How We Hit 83.4% on SWE-bench Verified (Part 1): Getting Reproduction Right

We recently tested an AI debugging methodology on SWE-bench Verified and achieved a combined pass rate of 83.4%. Our overview post covers the full methodology, results, and high-level thinking — if you haven't read it yet, that's a good place to start.

The methodology breaks down into three stages: reproduce the bug → generate a fix → verify the fix is trustworthy. This series walks through each stage and explains how runtime facts guide the AI toward the right answer at every step.

This first post covers Stage 1: How do you make sure a bug reproduction is actually correct before you touch any code? The short answer: before writing a single line of fix code, we have the agent collect a set of trusted runtime facts and use them to verify the reproduction actually matches the issue description.

What Are Runtime Facts?

Runtime facts are all the observable data produced while a program is running — debug traces, logs, object state snapshots, and exception information. We instrument code automatically using a modified OpenTelemetry probe to collect this data. The most important piece is the debug trace, so let's take a moment to understand what that means.

A debug trace records an entire execution run: which functions were called and in what order, what arguments each function received, what each function returned, and where exceptions were thrown or caught.

You've probably seen a stack trace before — that wall of error text that appears when a program crashes. A stack trace is a small slice of a debug trace. It only records the path an exception took as it bubbled up through the call stack, answering "how did this error surface?" A debug trace captures the full picture: starting from the entry point, every step along the entire call chain, not just the part that went wrong.

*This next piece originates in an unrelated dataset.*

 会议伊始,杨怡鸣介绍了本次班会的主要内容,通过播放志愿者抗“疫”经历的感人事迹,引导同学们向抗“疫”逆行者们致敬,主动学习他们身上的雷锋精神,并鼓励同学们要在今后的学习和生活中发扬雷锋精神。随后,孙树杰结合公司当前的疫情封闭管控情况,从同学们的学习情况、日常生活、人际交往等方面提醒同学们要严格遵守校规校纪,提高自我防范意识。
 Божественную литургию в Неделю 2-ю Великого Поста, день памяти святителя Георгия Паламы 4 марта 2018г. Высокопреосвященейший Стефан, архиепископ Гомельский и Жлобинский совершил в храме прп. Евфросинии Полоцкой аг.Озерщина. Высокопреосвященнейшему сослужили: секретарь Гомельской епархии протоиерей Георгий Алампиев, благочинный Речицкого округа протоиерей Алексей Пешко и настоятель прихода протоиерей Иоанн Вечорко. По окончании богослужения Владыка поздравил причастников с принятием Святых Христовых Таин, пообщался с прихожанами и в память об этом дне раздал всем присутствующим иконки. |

Here's a concrete example. Say a user reports "calling create() to save data throws an error":

# Stack trace — tells you how the error surfaced:
File "db/models/sql/compiler.py", line 1553, in execute_sql
  AttributeError: 'NoneType' object has no attribute 'id'
File "db/models/query.py", line 1802, in _insert
  return compiler.execute_sql(...)

# Debug trace — tells you what happened along the entire path from the entry point:
QuerySet.create(kwargs={"name": "test"})
  |- Model.__init__(kwargs={"name": "test"})   # Args look fine
  |- Model.save(force_insert=True)
    |- Model.save_base()
      |- QuerySet._insert()
        |- SQLInsertCompiler.execute_sql()      # Crashes here, but why?
            return value was None               # Return value is None — something upstream is wrong

With a debug trace, you don't just see where things crashed. You see at what point the data started going wrong.

Our entire methodology is built on these runtime facts rather than reading code and guessing. The principle is simple: get the facts straight before touching the code.

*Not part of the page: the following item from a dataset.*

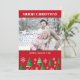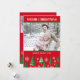 Colagem fotográfica Cartão de férias retrô minimalista de Natal vermelho Feliz Natal Vermelho de meio século, 3 imagens um quadrado horizontal e 2 com texto de saudação personalizado convite digital instantâneo de modelo, retrô verde árvores de Natal fundo vermelho

Why This Matters: The Most Common Failure Mode Is Going in the Wrong Direction

The typical AI bug-fixing flow looks like this: write a reproduction script reproduce_issue.py, run it, watch it fail, then start modifying the codebase to fix whatever the script complains about.

This seems reasonable on the surface. But it routinely leads to three categories of failure:

Failure 1: The script itself has a bug. The script fails, but the failure is caused by a mistake in the script, not by the bug described in the issue. The agent now has a broken signal and starts making code changes in the completely wrong direction.

Failure 2: The reproduction takes the wrong path. The script calls a deep internal function directly, bypassing the path a real user would take. This does trigger an error, but the call chain is incomplete — the agent only sees a fragment of the problem.

Failure 3: The agent patches symptoms instead of causes. The agent sees which line throws the error and adds a defensive check right there — a type guard, a null check, a conditional return — and calls it done. The test passes. But the real problem — an upstream function passing bad data — was never fixed. A different trigger path will surface the same bug again.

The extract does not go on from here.